The MPQS, the NFS, and several other factoring algorithms accumulate a list of
relations of the form x^2=a*b*c*d*e (mod n), where a-e are members of a set of
small primes and units called the factorbase. Then these relations are fed into
a matrix algebra step, which results in an equation of the form x^2=y^2(mod n),
x<>y, x+y<>n. Then x+y is divisible by one factor of n, and x-y by the other.

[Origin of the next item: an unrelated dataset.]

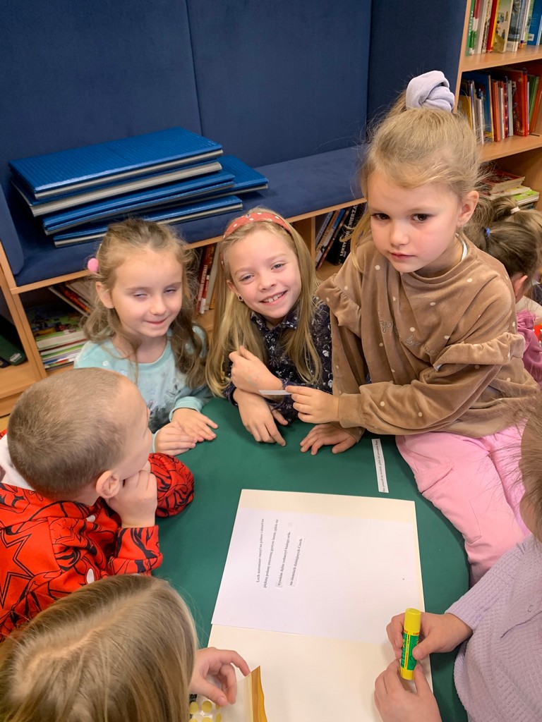 Na zakończenie uczniowie pracowali w grupach, tworząc wspólnie swoją pierwszą książkę o Lechu, Czechu i Rusie. Zajęcia były bardzo ciekawe, angażujące i pozwoliły dzieciom lepiej zrozumieć, jak powstaje książka.

Here is an example: Factor 3977. The program below calculates numbers whose
squares mod 3977 are congruent to products of -1, 2, 3, 5, 7, 11, and 13, and
outputs the results in binary. The first few lines of the output are:

     1      0
   87 111001
   88  11111
   89 100101
  1111001110
  168 111000
  209 100111
  2971101000
  309 100100
  3441110100
  3541110110
  373 100111
  3751101010
  3891001100
  3901110101
  414 111000
  446 100110
  4981101010

Ignoring the trivial relation of 414 and 168, (87*168)^2 and (373*446)^2 have
the same parity. So:

(87*168)^2=-25*49*121
(373*446)^2=-4*9*121
(87*168*2*3)^2=(373*446*5*7)^2
202=202, so this tells us nothing.

Try another: 375, 390, and 88.
(375*390)^2=-2*3*5*7*121*169
88^2=-2*3*5*7
(375*390)^2=(88*143)^2
3078^2=653^2
This tells us something: 3731 and 2425. 41|3731, 97|2425, and the number is
factored.

phma
---
( The method common to the number field sieve, the mpqs, and similar factoring methods 
)

3977 constant comp ( a composite number to be factored )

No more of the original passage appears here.